**EXERCISE PROMPT:** Every line from the start of the entries up to and including the one bearing "Stay stylish and" must be printed verbatim, without the pictures.

Data items:

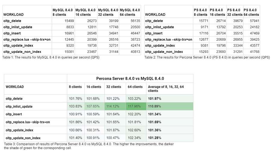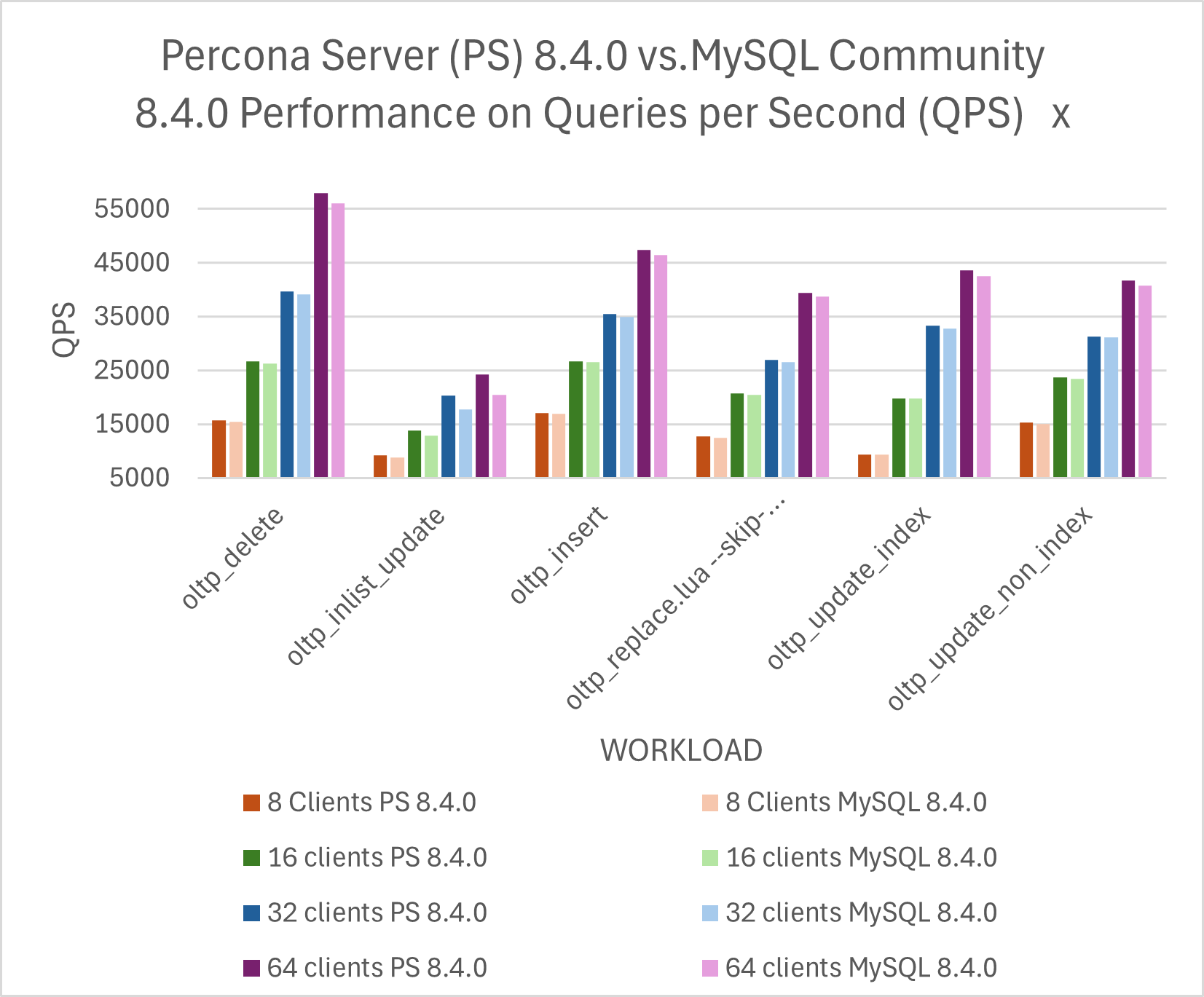 Write performance is up to 17% better in Percona Server 8.4 compared to MySQL 8.4. We have observed an average performance increase of 10.89% for oltp_inlist_update workload in Percona Server for MySQL compared to the MySQL Community Edition 8.4.0.
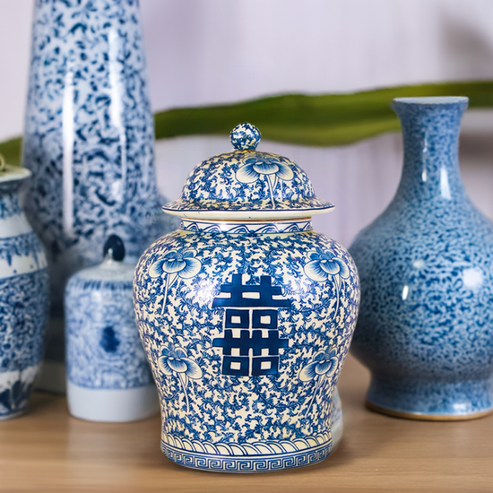 Blue and White Double Happiness Jar, brings joy and luck with its elegant design.
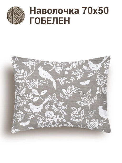 Берген птички крупные серый фон Наволочка 50х70 см 2518492 односторонняя
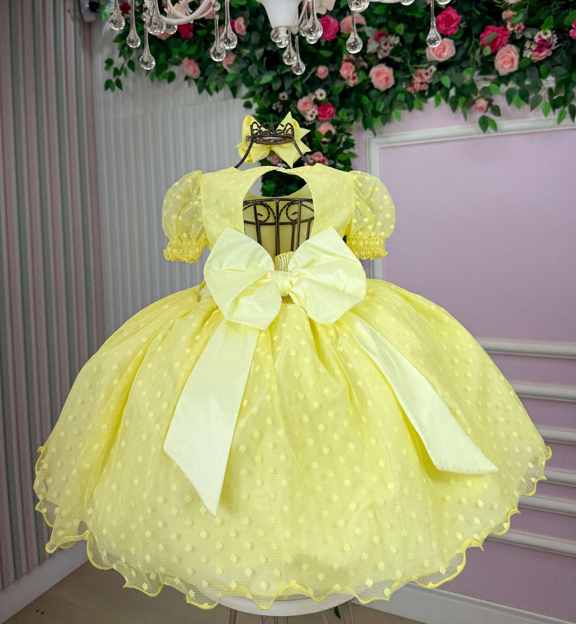 - Acabamento com Laço: O lindo laço na parte posterior do vestido adiciona um charme extra e um detalhe especial.
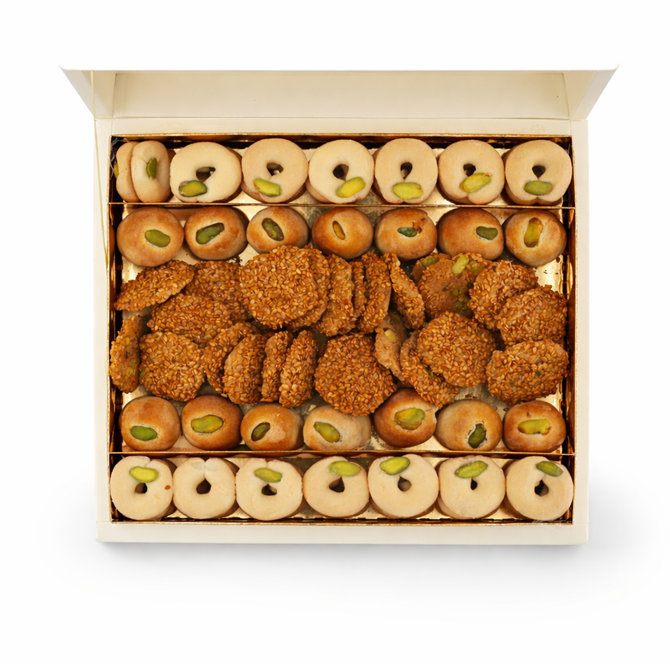تشكيلة فاخرة من النواشف المشكلة بعناية، تضم أصنافًا مختارة بقوام متنوع ونكهة متوازنة، مرتبة داخل علبة كرتونية أنيقة، مناسبة للضيافة والتقديم في المناسبات والجلسات اليومية.
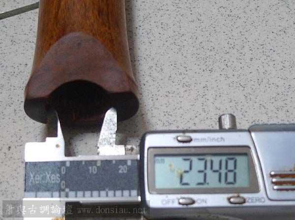 比對樣品:製梆笛後的新參數樣品竹管,以此竹管曲線再實驗老檀唐尺八
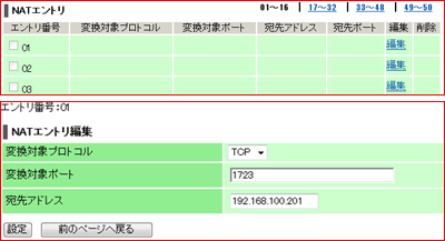 [NATエントリ]の中から編集したいエントリ番号行末の[編集]をクリックし、[NATエントリ編集]欄で下記のように設定する |
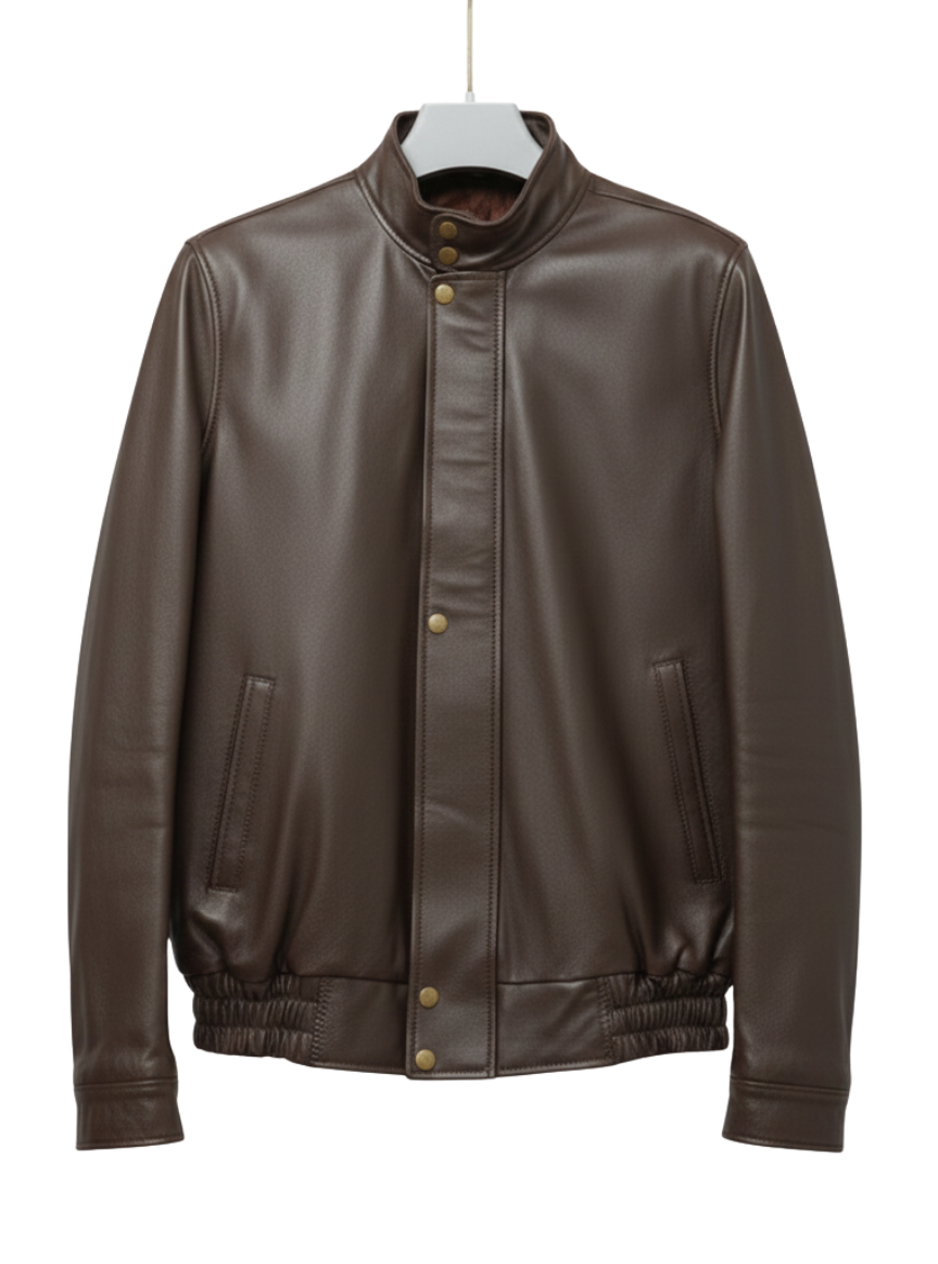 Stay stylish and warm with this Men’s Brown Classic Leather Bomber Jacket, crafted for durability, comfort, and everyday elegance. Designed with a premium leather-look finish, this jacket features a high-neck collar with snap buttons, a front button closure, and elasticated waist and cuffs for a snug fit. The soft inner lining provides warmth, making it perfect for winter wear, travel, and casual outings. Its timeless bomber style adds a rugged yet refined touch to your wardrobe.
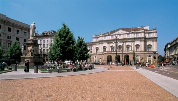 Площадь перед знаменитым собором Duomo, пожалуй, — самая парадная в Милане, столице богатой Ломбардии. На широком пространстве собрано все, что соответствует образу туристической Италии: готическая архитектура огромного собора, множество голубей, праздная толпа и ощущение полной беззаботности, столь естественное для этой страны. Но сердце Милана не здесь, хотя оно и очень близко. Стоит от Duomo пройти всего пару минут по мозаичному полу торговой галереи Виктора Эммануила II, как попадаешь в другой мир. Там тоже площадь, только небольшая. Неба и солнца уже не так много. Как и людей. 3венят трамваи, а обстановка почти будничная. Кроме памятника и арки с перспективой на галерею, кажется, нет ничего выдающегося. Однако впечатление обманчиво: именно в этом месте, напротив каменного гения, находится одно из чудес света — Teatro alia Scala.
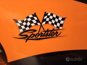 Verniciatura personalizzata black and orange fatta con gusto, classica fascia che strizza l'occhio agli anni 50 e decals piccole racing, abbinamento davvero ben riuscito.
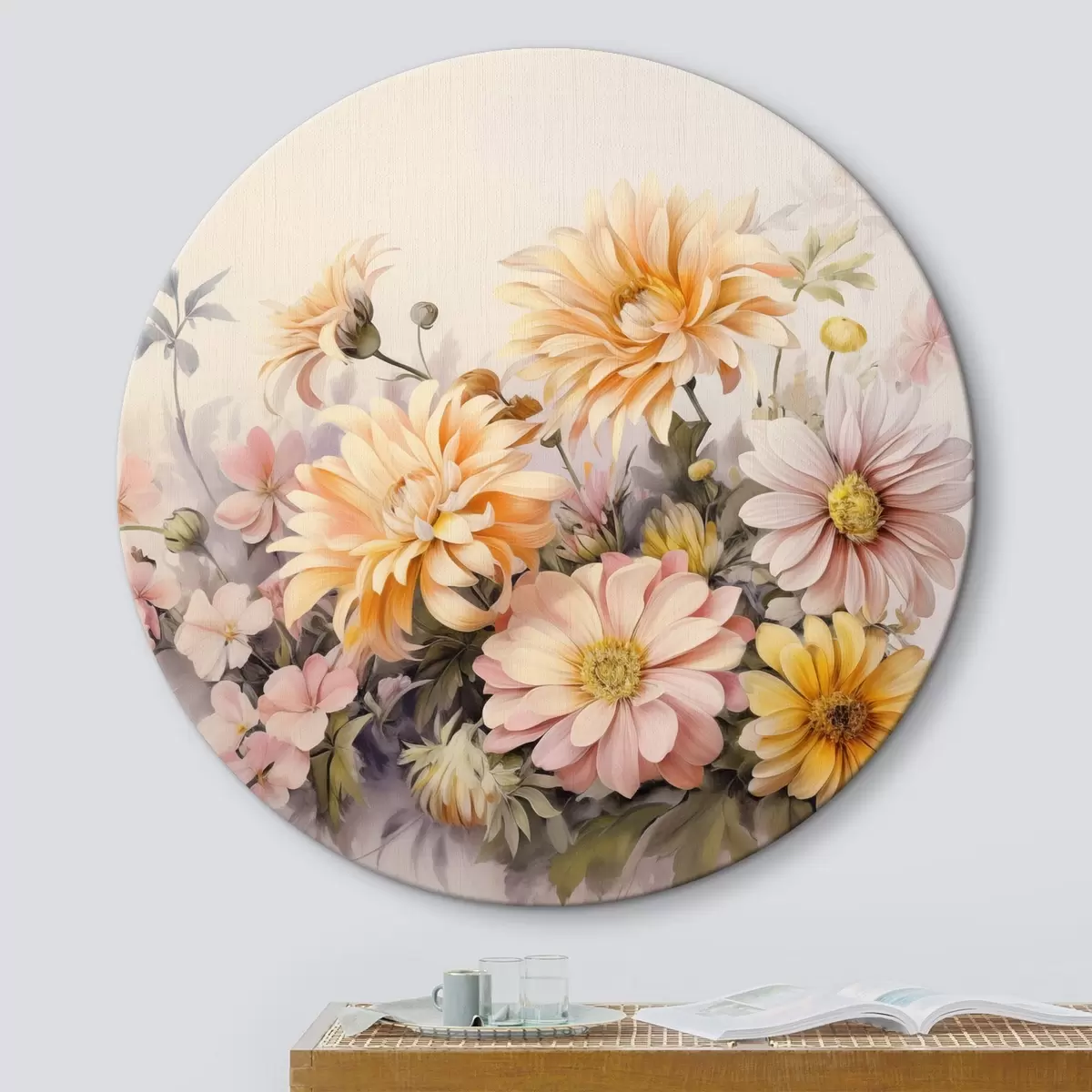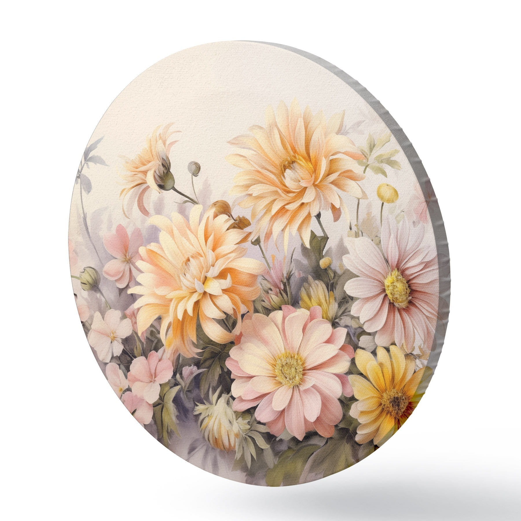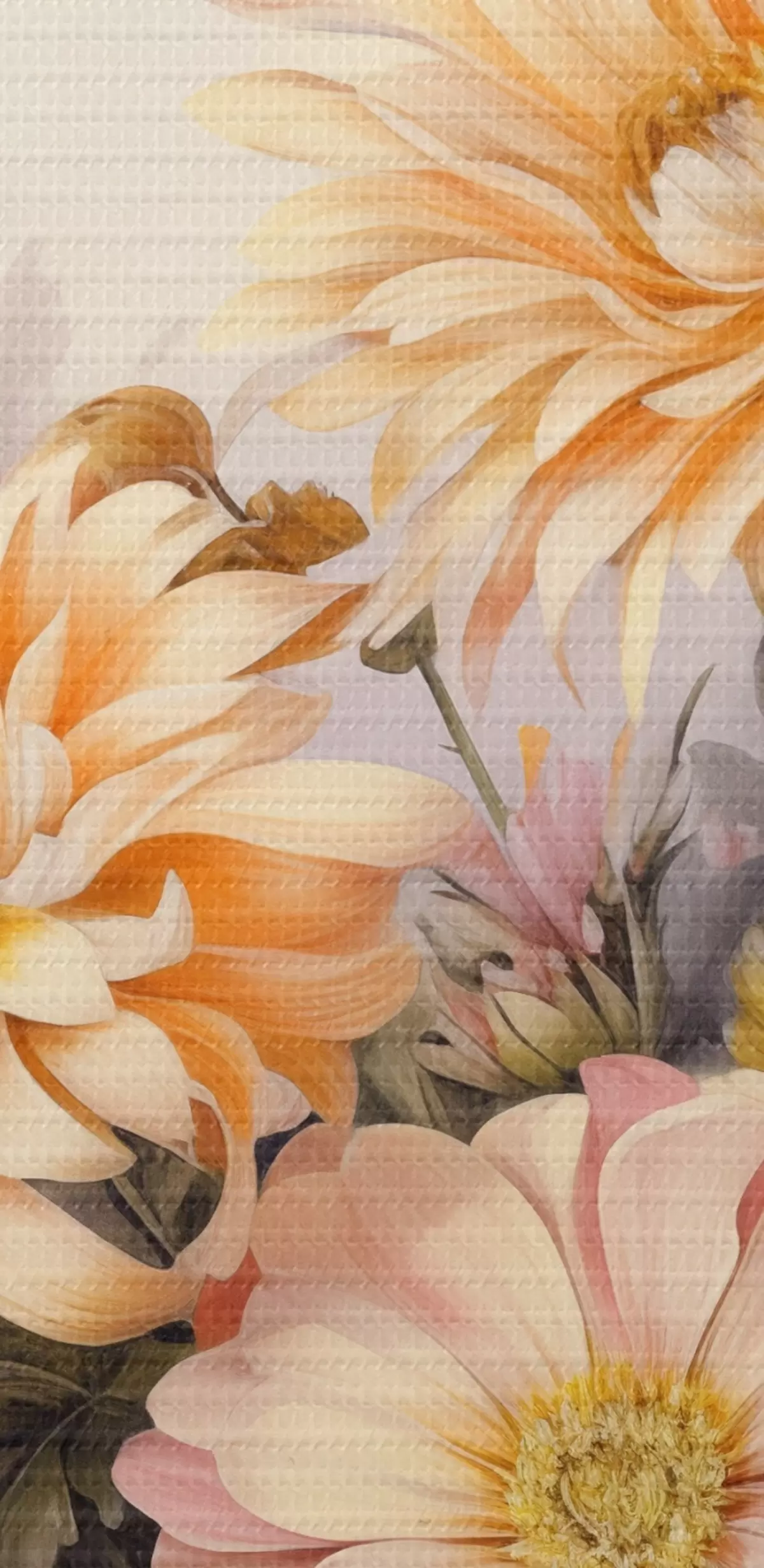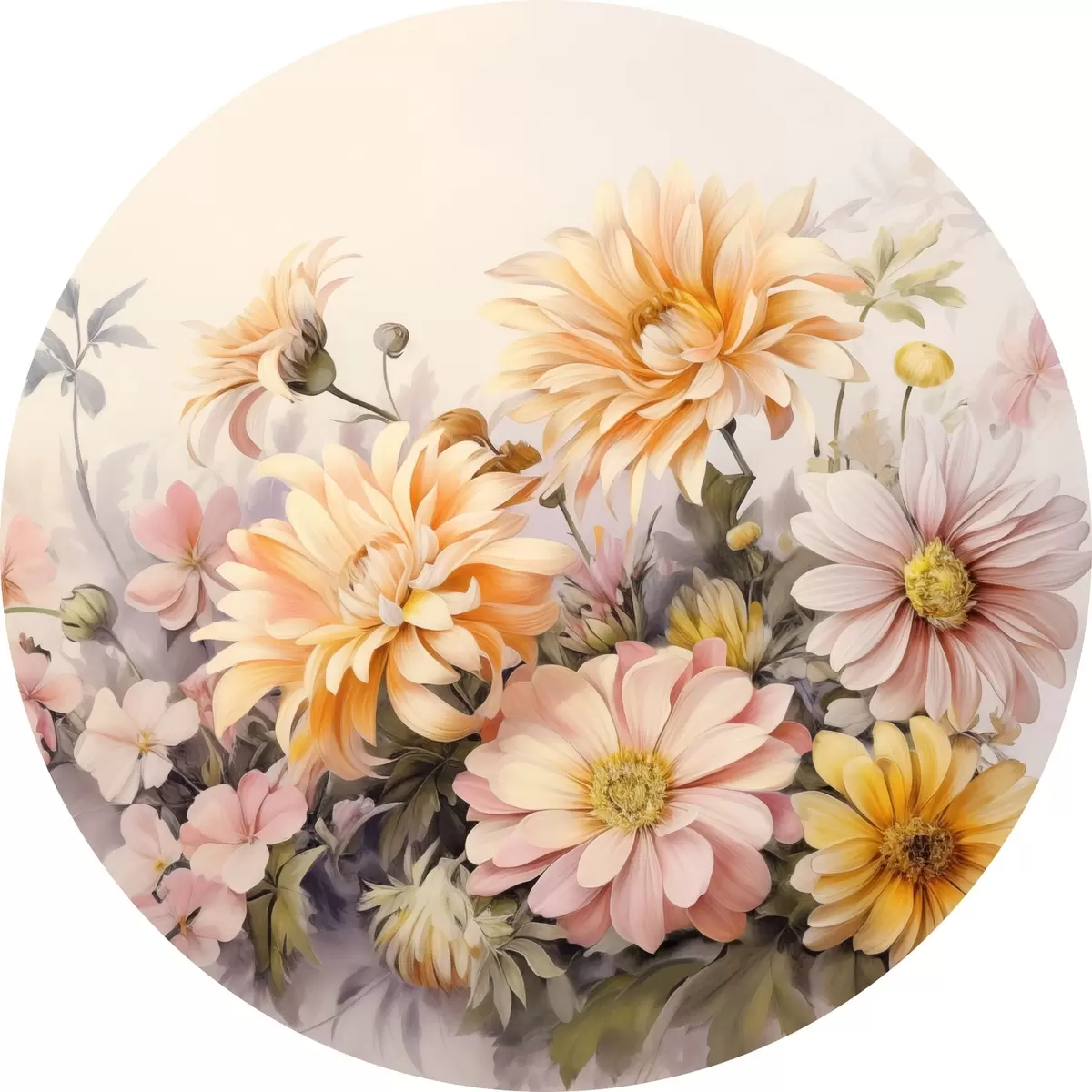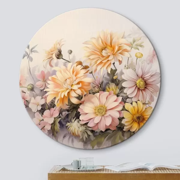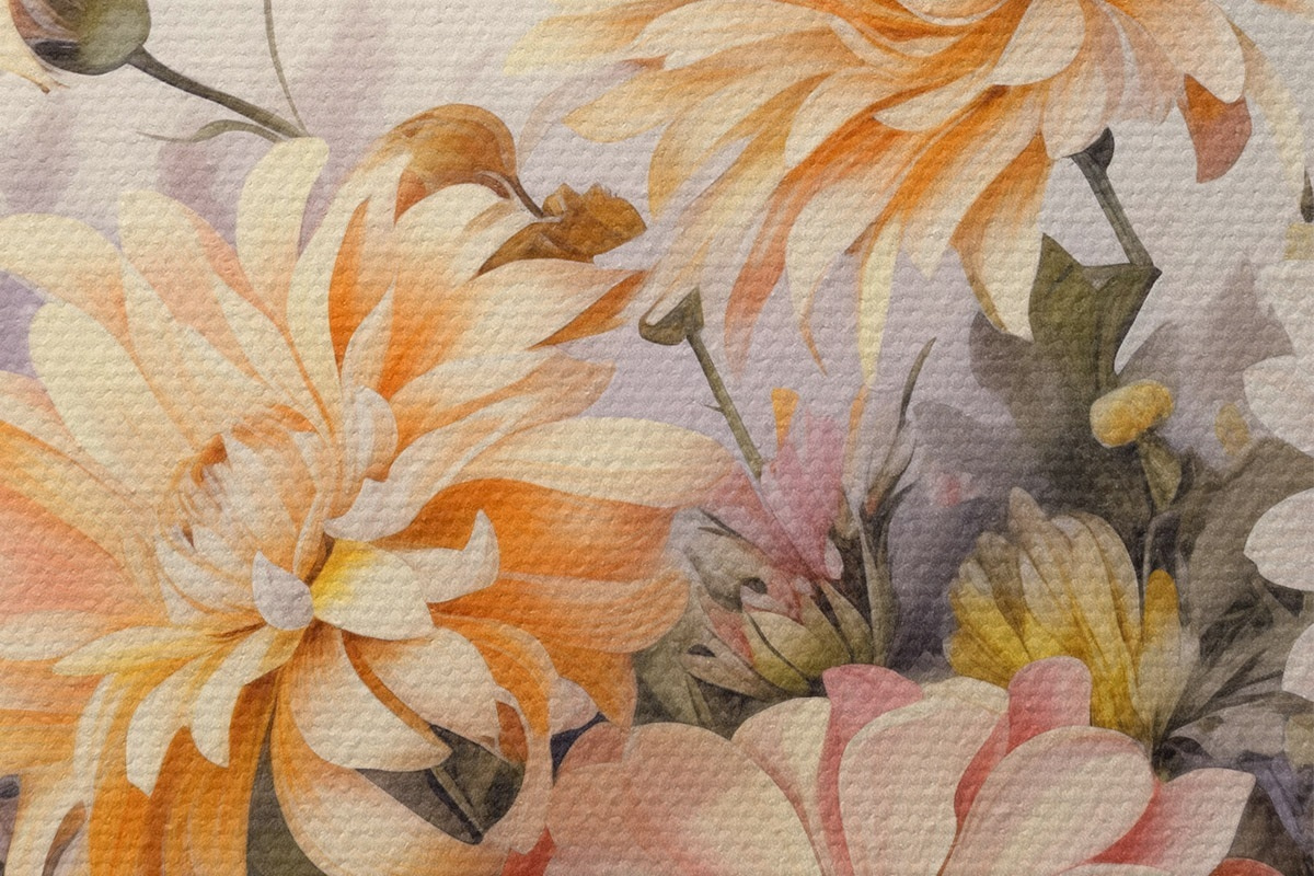 Pilt Roosa, kollase ja oranži värvi lillede kollektsioon, kerge taust, pehmed värvid, vintage stiilis, botaaniline illustratsioon Nr r43401

**OUTPUT:**
 Write performance is up to 17% better in Percona Server 8.4 compared to MySQL 8.4. We have observed an average performance increase of 10.89% for oltp_inlist_update workload in Percona Server for MySQL compared to the MySQL Community Edition 8.4.0.
 Blue and White Double Happiness Jar, brings joy and luck with its elegant design.
 Берген птички крупные серый фон Наволочка 50х70 см 2518492 односторонняя
 - Acabamento com Laço: O lindo laço na parte posterior do vestido adiciona um charme extra e um detalhe especial.
تشكيلة فاخرة من النواشف المشكلة بعناية، تضم أصنافًا مختارة بقوام متنوع ونكهة متوازنة، مرتبة داخل علبة كرتونية أنيقة، مناسبة للضيافة والتقديم في المناسبات والجلسات اليومية.
 比對樣品:製梆笛後的新參數樣品竹管,以此竹管曲線再實驗老檀唐尺八
 [NATエントリ]の中から編集したいエントリ番号行末の[編集]をクリックし、[NATエントリ編集]欄で下記のように設定する |
 Stay stylish and warm with this Men’s Brown Classic Leather Bomber Jacket, crafted for durability, comfort, and everyday elegance. Designed with a premium leather-look finish, this jacket features a high-neck collar with snap buttons, a front button closure, and elasticated waist and cuffs for a snug fit. The soft inner lining provides warmth, making it perfect for winter wear, travel, and casual outings. Its timeless bomber style adds a rugged yet refined touch to your wardrobe.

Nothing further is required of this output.